This question is same to this posted earlier. I want to concatenate three columns instead of concatenating two columns:
Here is the combining two columns:
df = DataFrame({'foo':['a','b','c'], 'bar':[1, 2, 3], 'new':['apple', 'banana', 'pear']})
df['combined'] = df['foo'].astype(str)+'_'+df['bar'].astype(str)
If you concatenate with string('_') please you convert the column to string which you want and after you can concatenate the dataframe.
Just wanted to make a time comparison for both solutions (for 30K rows DF):
In [1]: df = DataFrame({'foo':['a','b','c'], 'bar':[1, 2, 3], 'new':['apple', 'banana', 'pear']})
In [2]: big = pd.concat([df] * 10**4, ignore_index=True)
In [3]: big.shape
Out[3]: (30000, 3)
In [4]: %timeit big.apply(lambda x:'%s_%s_%s' % (x['bar'],x['foo'],x['new']),axis=1)
1 loop, best of 3: 881 ms per loop
In [5]: %timeit big['bar'].astype(str)+'_'+big['foo']+'_'+big['new']
10 loops, best of 3: 44.2 ms per loop
a few more options:
In [6]: %timeit big.ix[:, :-1].astype(str).add('_').sum(axis=1).str.cat(big.new)
10 loops, best of 3: 72.2 ms per loop
In [11]: %timeit big.astype(str).add('_').sum(axis=1).str[:-1]
10 loops, best of 3: 82.3 ms per loop
I think you are missing one %s
df['combined']=df.apply(lambda x:'%s_%s_%s' % (x['bar'],x['foo'],x['new']),axis=1)
Possibly the fastest solution is to operate in plain Python:
Series(
map(
'_'.join,
df.values.tolist()
# when non-string columns are present:
# df.values.astype(str).tolist()
),
index=df.index
)
Comparison against @MaxU answer (using the big
data frame which has both numeric and string columns):
%timeit big['bar'].astype(str) + '_' + big['foo'] + '_' + big['new']

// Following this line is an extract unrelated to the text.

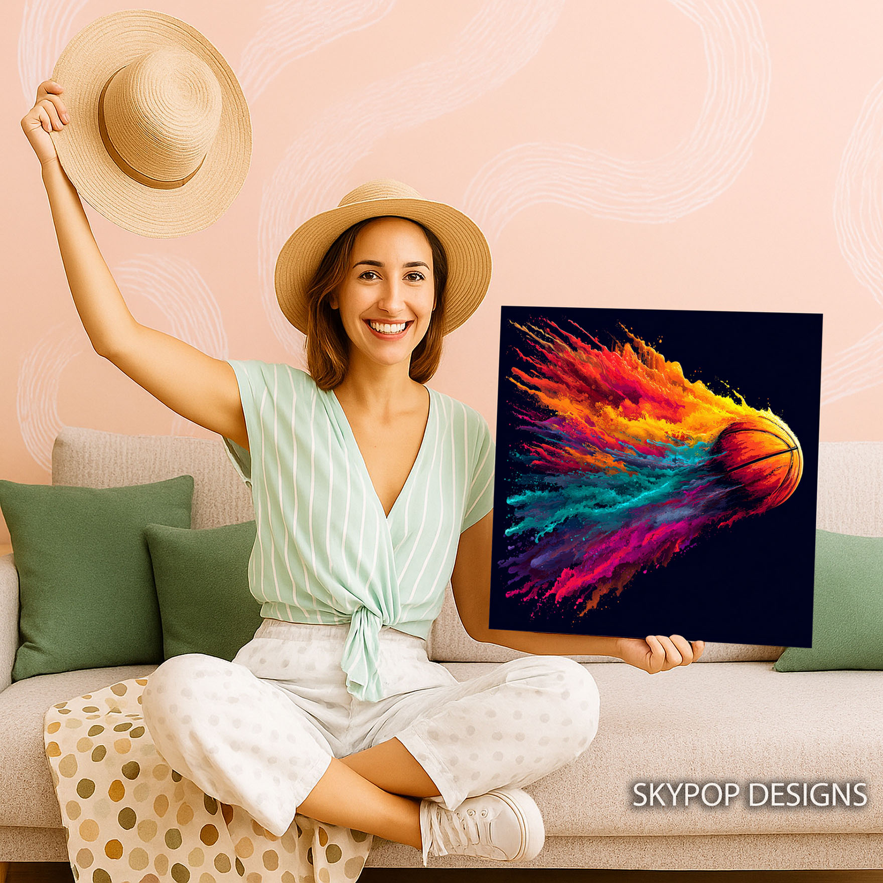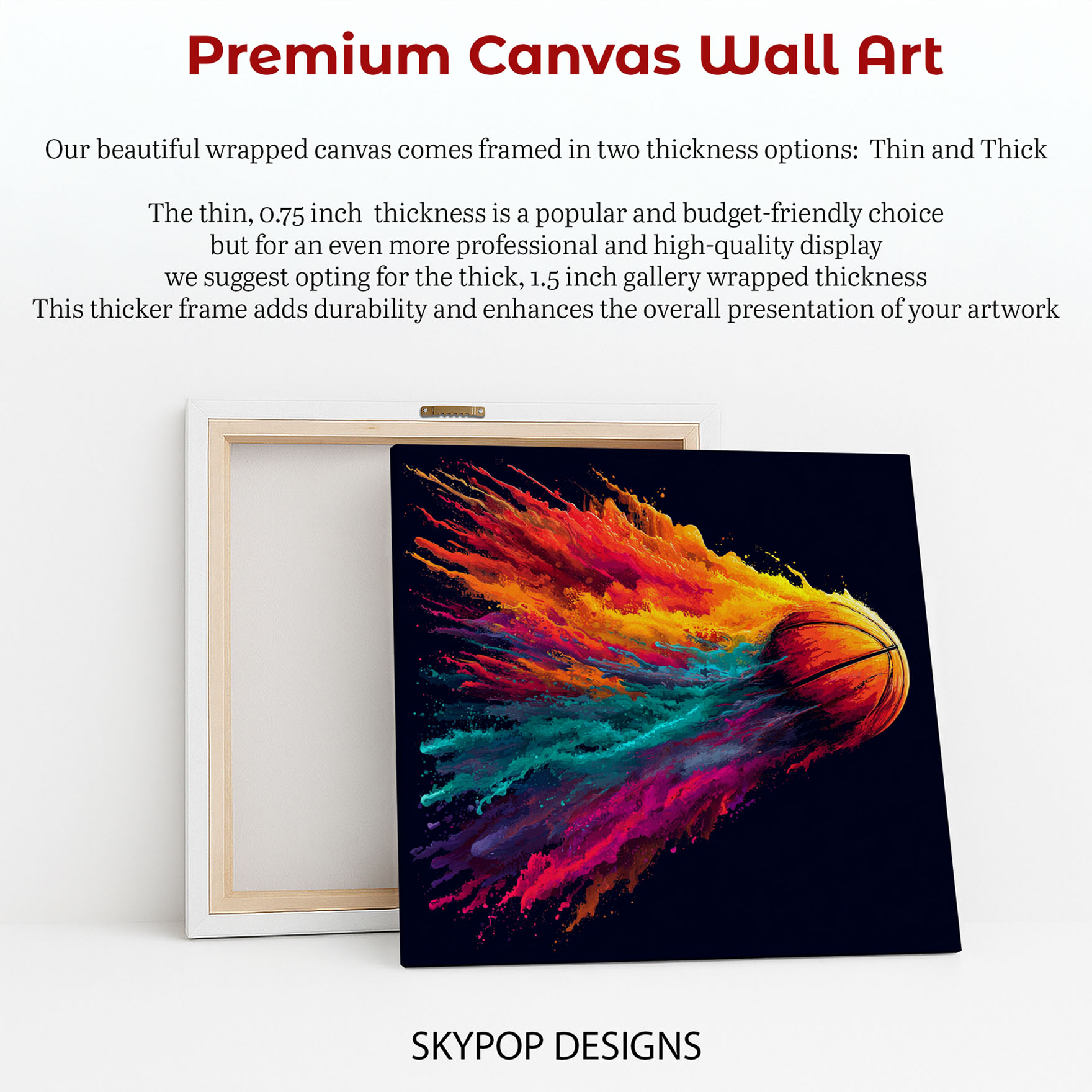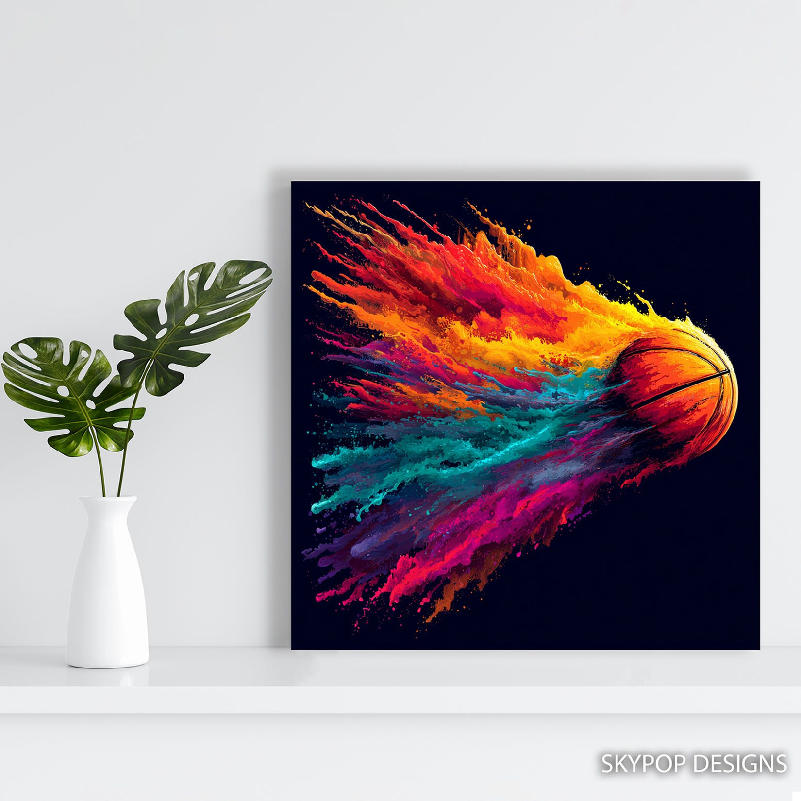 Unleash dynamic energy with this captivating basketball canvas wall art, featuring a striking splash of vibrant colors exploding from the ball. This poster or canvas wall art is perfect for transforming any modern living room or energizing a game room, office, or home gym space. The multicolor palette, dominated by fiery oranges, sunny yellows, and cool teals, creates a visually arresting centerpiece that inspires action and passion. Ideal for contemporary and modern decor styles, this sports art piece elevates spaces with its bold abstract elements and vibrant aesthetic. The artistic representation of motion and speed is expertly captured, making this canvas art a true showstopper for any sports enthusiast. High-quality printing showcases the intricate details of the paint splashes and the iconic texture of the basketball. This versatile artwork can inspire focus in an office, bring excitement to a game room, or motivate during a workout in the home gym. It’s a perfect gift for birthdays, Father’s Day, or housewarming celebrations for any basketball fan. The intense color contrast against the dark background makes this poster a standout piece for any wall art collection. Elevate your decor with this high-energy basketball canvas wall art that celebrates the thrill of the game. Add a powerful statement to your home with this stunning piece of sports art today.

# 29.4 ms ± 1.08 ms per loop (mean ± std. dev. of 7 runs, 10 loops each)
%timeit Series(map('_'.join, big.values.astype(str).tolist()), index=big.index)
# 27.4 ms ± 2.36 ms per loop (mean ± std. dev. of 7 runs, 10 loops each)
Comparison against @derchambers answer (using their df
data frame where all columns are strings):
from functools import reduce
def reduce_join(df, columns):
slist = [df[x] for x in columns]
return reduce(lambda x, y: x + '_' + y, slist[1:], slist[0])
def list_map(df, columns):
return Series(
map(
'_'.join,
df[columns].values.tolist()
),
index=df.index
)
%timeit df1 = reduce_join(df, list('1234'))
# 602 ms ± 39 ms per loop (mean ± std. dev. of 7 runs, 1 loop each)
%timeit df2 = list_map(df, list('1234'))
# 351 ms ± 12.1 ms per loop (mean ± std. dev. of 7 runs, 1 loop each)
If you have even more columns you want to combine, using the Series method str.cat
might be handy:
df["combined"] = df["foo"].str.cat(df[["bar", "new"]].astype(str), sep="_")
Basically, you select the first column (if it is not already of type str
, you need to append .astype(str)
), to which you append the other columns (separated by an optional separator character).
df['New_column_name'] = df['Column1'].map(str) + 'X' + df['Steps']
X= x is any delimiter (eg: space) by which you want to separate two merged column.